Once the pictures are set aside, transcribe each line of the listing exactly.

## COLLECTED MATERIAL

···

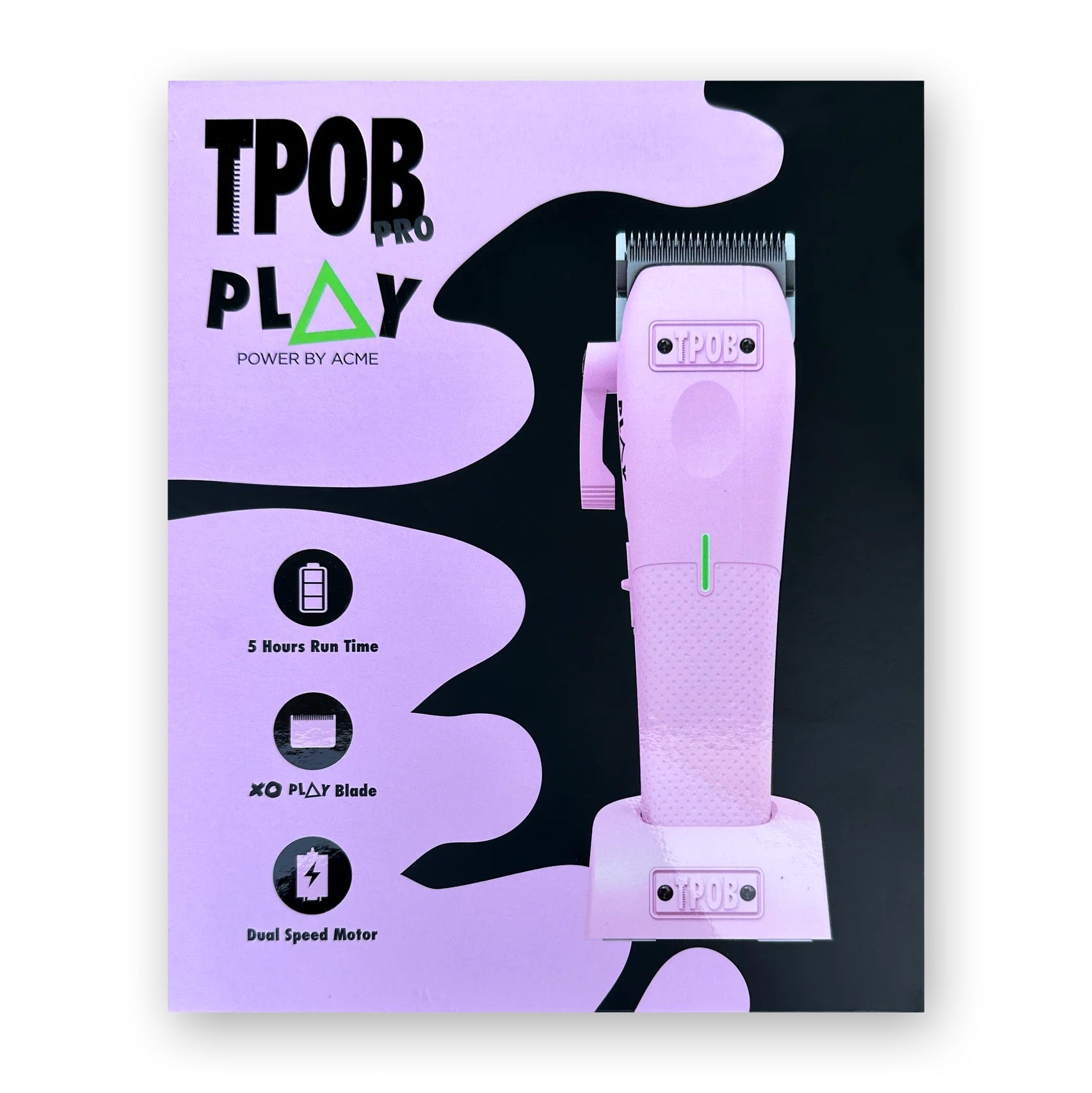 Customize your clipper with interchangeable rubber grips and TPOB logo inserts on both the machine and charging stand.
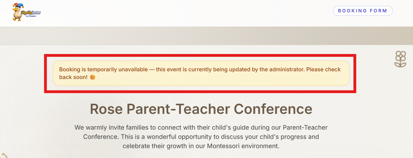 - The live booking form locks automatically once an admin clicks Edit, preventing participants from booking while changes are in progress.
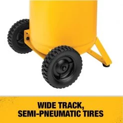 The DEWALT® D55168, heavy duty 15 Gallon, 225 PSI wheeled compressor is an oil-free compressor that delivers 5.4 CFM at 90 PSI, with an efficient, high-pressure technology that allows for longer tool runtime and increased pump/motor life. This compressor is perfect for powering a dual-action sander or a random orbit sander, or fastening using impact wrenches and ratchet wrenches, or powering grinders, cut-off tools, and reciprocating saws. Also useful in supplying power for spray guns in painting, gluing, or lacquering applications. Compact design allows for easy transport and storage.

···

## REPLY TO THE TASK
 Customize your clipper with interchangeable rubber grips and TPOB logo inserts on both the machine and charging stand.
 - The live booking form locks automatically once an admin clicks Edit, preventing participants from booking while changes are in progress.
 The DEWALT® D55168, heavy duty 15 Gallon, 225 PSI wheeled compressor is an oil-free compressor that delivers 5.4 CFM at 90 PSI, with an efficient, high-pressure technology that allows for longer tool runtime and increased pump/motor life. This compressor is perfect for powering a dual-action sander or a random orbit sander, or fastening using impact wrenches and ratchet wrenches, or powering grinders, cut-off tools, and reciprocating saws. Also useful in supplying power for spray guns in painting, gluing, or lacquering applications. Compact design allows for easy transport and storage.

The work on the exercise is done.